In any event, this is clearly not the first time Microsoft has worked with Eclipse, but by becoming a foundation member, Microsoft is demonstrating a deeper commitment to open-source processes and will also be able to provide input on future plans and projects, King said.
Niyogi joined Tyler Jewell, CEO of Codenvy, onstage at EclipseCon to announce new Azure and Visual Studio Team Services interoperability with Codenvy’s workspace automation tools, built on Eclipse Che.
“With Visual Studio Team Services, Azure and Codenvy, software development teams can collaborate more easily than ever before,” Niyogi said. “Codenvy’s new Visual Studio Team Services extension activates Codenvy workspaces on-demand from within Microsoft’s tools, creating a natural workflow that aligns with agile methodologies and principles. The Azure VM Marketplace now includes a virtual machine preconfigured with Codenvy, so developers can instantly provision private Codenvy workspaces on Azure.”

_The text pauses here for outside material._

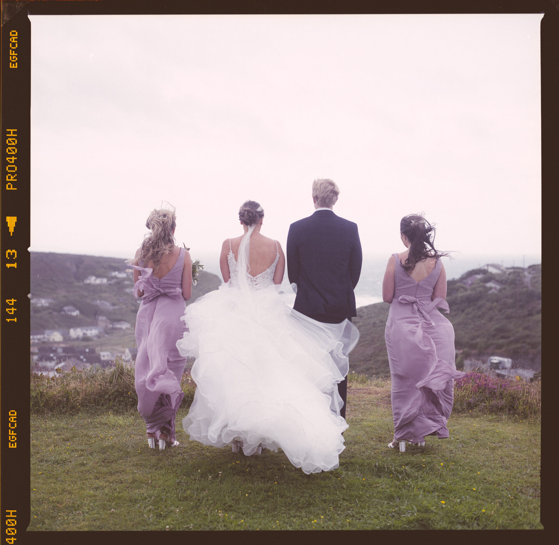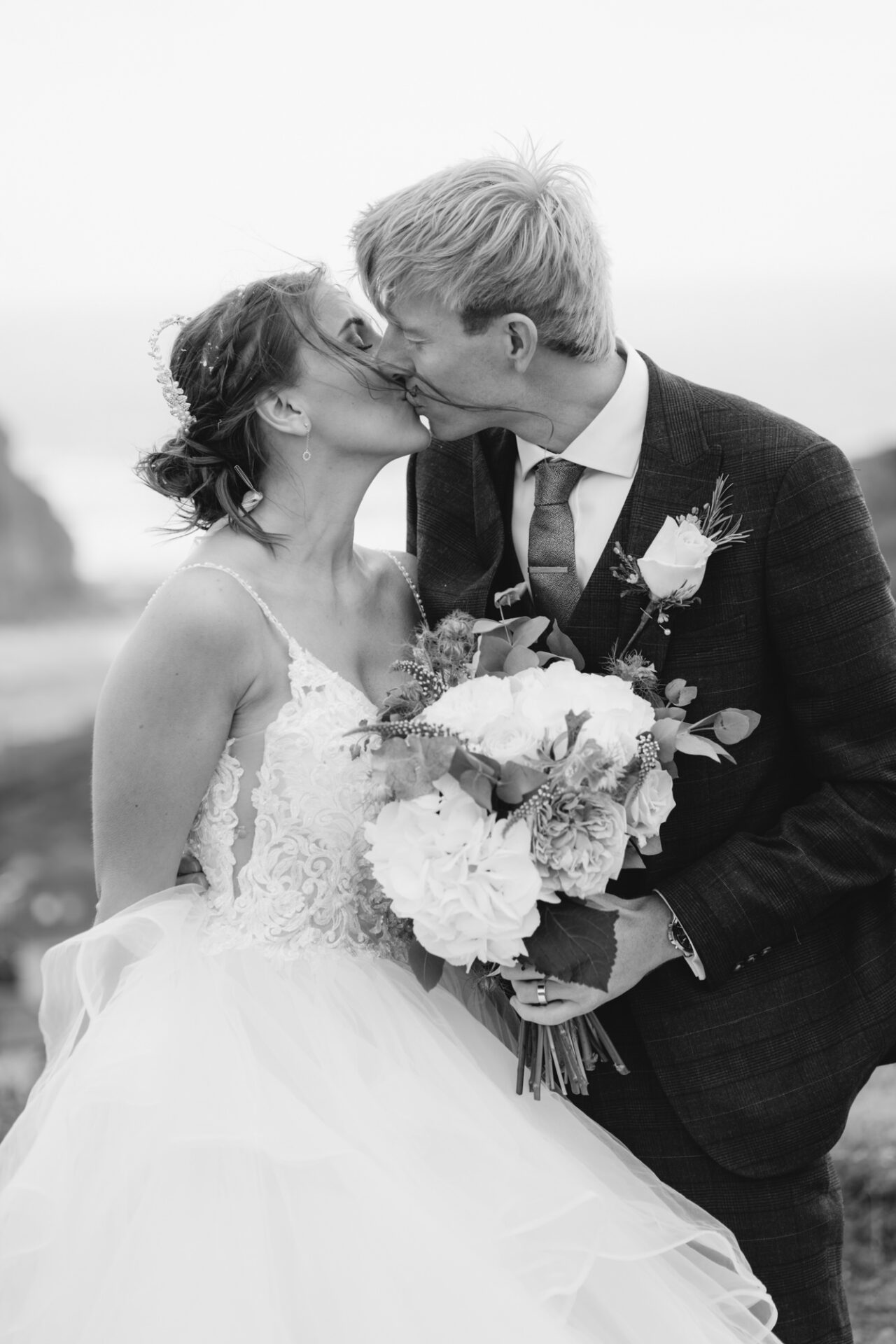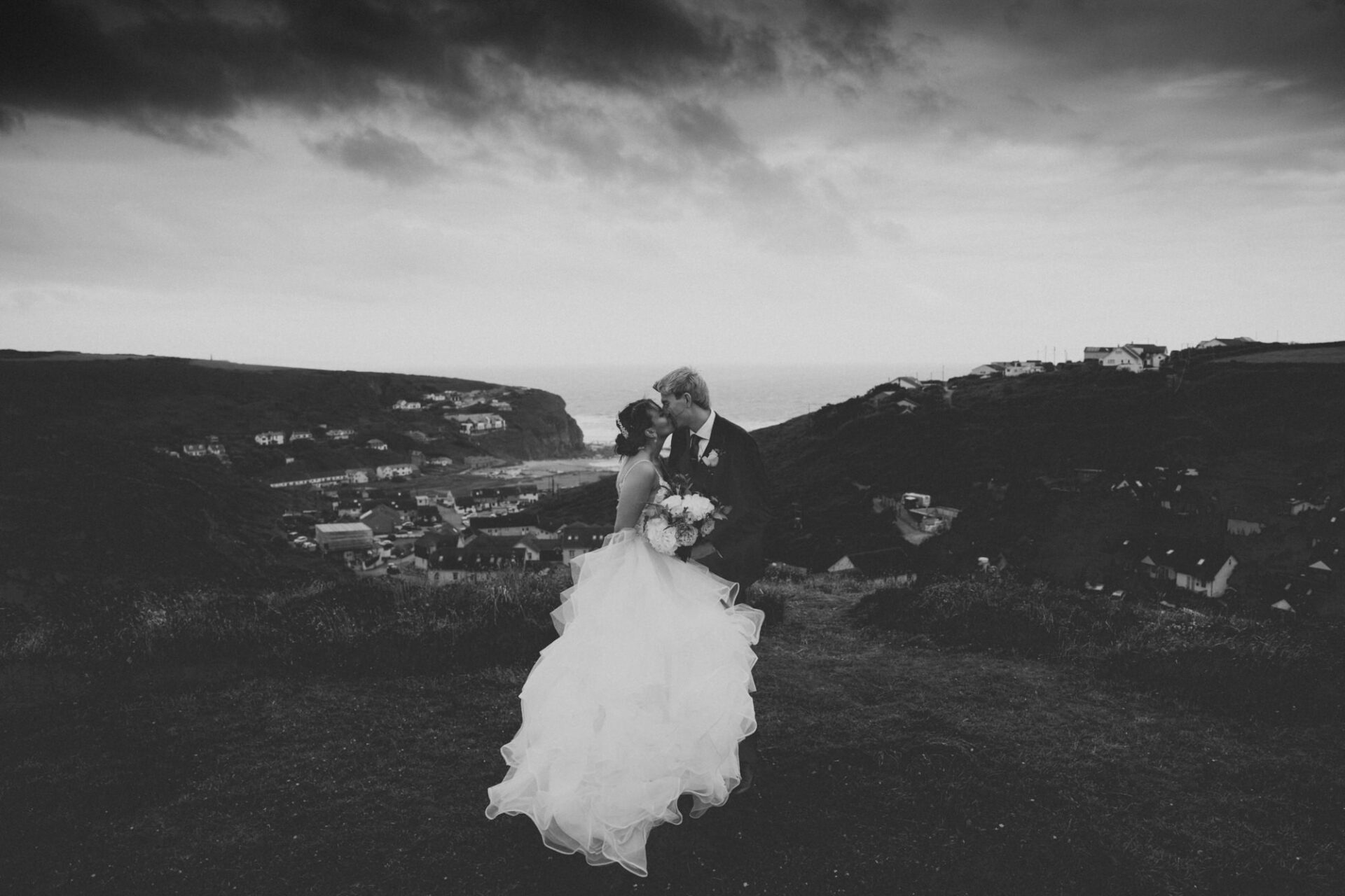 Finally, once the service and confetti throwing was over, the happy couple were whisked off to Porthtowan cliffs! The wind in Cornwall can be factor at some weddings, especially on the North Coast. Natasha and James’ wedding just happened to take place on fairly stormy day. The wind swirled around and played havoc with Natasha’s dress. Consequently, the ensuing photo session was spent feverishly shooting portraits before the impending rain!

At EclipseCon, Microsoft also announced it was open-sourcing the Team Explorer Everywhere Plug-in for Eclipse on GitHub, adding Azure IoT Suite support in the Kura framework for IoT gateways, adding Azure Java WebApp support in the Azure Toolkit for Eclipse and updating the Azure Java Dev Center. Niyogi also said with the Java Tools Challenge, Microsoft is inviting Java developers to build apps and extensions for VSTS.
Meanwhile, also at EclipseCon, the Eclipse Foundation announced the initial release of Eclipse Che, its new IDE platform. The Eclipse Che ecosystem is a community-driven open-source cloud IDE, workspace server, and plug-in platform supported by Codenvy, Microsoft, Red Hat and SAP.
Codenvy’s Jewell said a key value of Che is that it provides a universal workspace for developers. He said portable workspaces enable developers with on-demand development environments that support Agile processes. With workspace portability, developers can work from any location, whether a desktop, mobile device or the cloud.
Eclipse Che workspaces are composed of projects and Docker container-powered runtimes. Che features a collaborative workspace server, a cloud IDE, a plug-in framework and a stack library to build projects for any programming language or framework.
“Eclipse Che is rethinking the way IDEs are built and used by developers,” Mike Milinkovich, executive director of the Eclipse Foundation, said in a statement. “It uses Docker, Java and JavaScript to create a more flexible and dynamic developer work experience. The initial feedback on Eclipse Che has been outstanding. The number of downloads and external contributions all point to Che being an incredibly successful open-source project.”
Gartner’s Murphy said, ironically, Che is like some existing Microsoft technology. “Most IDEs are working their way to being browser-based at a minimum and cloud-based, so Che is the Eclipse version of—or maybe the other way around—Visual Studio Online.”
Eclipse Che is available for download at http://eclipse.org/che and contributors can get involved at http://github.com/eclipse/che.
“The Eclipse Che IDE is a cloud IDE and developer work space server that supports any framework or programming language,” King said. “Plus, users can easily migrate projects and associated runtimes, or environments to other local or cloud-based Che instances. In essence, Che is designed to enhance collaborative processes by making them more flexible and adaptable to the needs of given projects and groups. As such, it could and should enhance a range of Microsoft projects, including those associated with Azure.”